3. According to the conductive silver paste provided by the invention, inorganic powder such as nano silver particles and nano glass powder with different particle sizes is wrapped by the organic carrier mixed solution, so that a lubricating medium between the inorganic powder and a mesh-free mesh cloth material (such as polyimide or epoxy resin) for preparing a front electrode of a solar cell is effectively formed, the high-solid-content paste has better ink permeability under a narrow-opening screen printing technology, is widely applicable to different production line printing conditions, and effectively controls the aspect ratio of grid lines, and is directly reflected in better photoelectric conversion efficiency.

4. The glass powder of the conductive silver paste provided by the invention adopts nano-scale, can be more fully loaded in the organic carrier mixed solution, improves the loading rate, further improves the welding rate of the nano silver particles welded on a silicon wafer substrate prepared by a battery piece, does not adopt oxide glass powder containing lead as a welding material, and reduces the harm to human bodies.

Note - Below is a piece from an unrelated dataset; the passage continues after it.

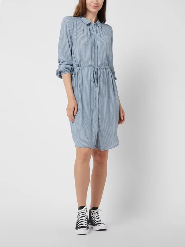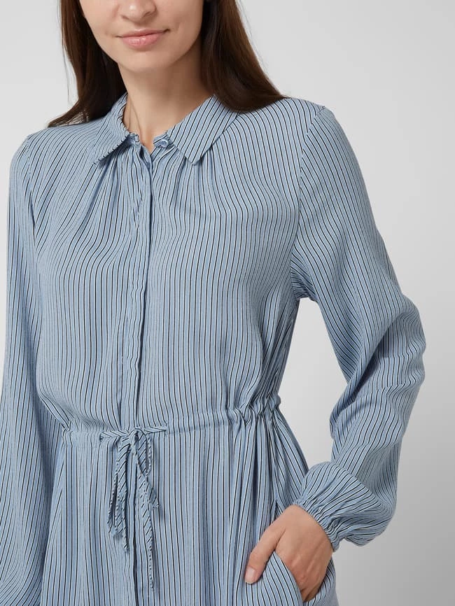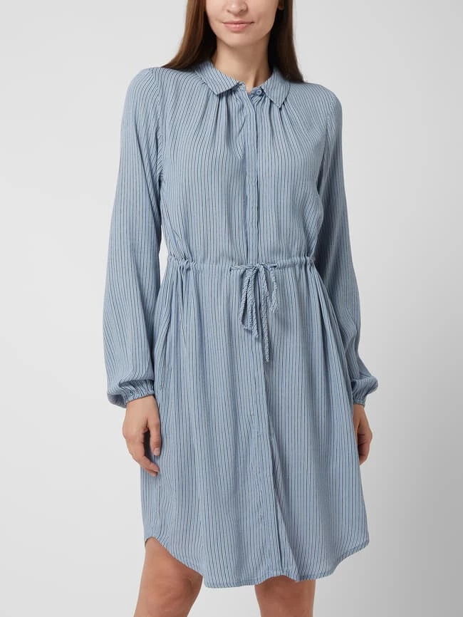 Das Blusenkleid von Soft Rebels ist aus reiner Viskose gefertigt und tailliert geschnitten. Es kommt mit Allover-Muster, Umlegekragen und verdeckter Knopfleiste.

5. The conductive silver paste provided by the invention adopts a self-prepared organic carrier mixed solution comprising an organic acid doped conductive organic polymer/epoxy soybean oil with the mass fraction concentration of 15% -20% and a high-boiling point solvent with the mass fraction concentration of 80% -85%, and does not adopt an organic carrier formed by terpineol matched with polyester such as glycol ethyl ether acetate and the like which are commonly adopted in the prior art, so that the problem of poor curing capability caused by stronger volatility of the organic carrier provided by the prior art is avoided, and the conductive silver paste has more excellent fine grid line ink penetration capability.

Detailed Description

The present invention will be specifically described with reference to examples. It will be apparent that the described embodiments are only some, but not all, embodiments of the invention. All other embodiments, which can be made by those skilled in the art based on the embodiments of the invention without making any inventive effort, are intended to be within the scope of the invention.

Example 1

The embodiment provides a front-side conductive silver paste of a solar cell, which is prepared from the following components in parts by weight:

The organic carrier mixed solution comprises dodecylbenzene sulfonic acid doped polyfuran/epoxy soybean oil with the mass fraction concentration of 15% and butyl anhydride acetate with the mass fraction concentration of 85%.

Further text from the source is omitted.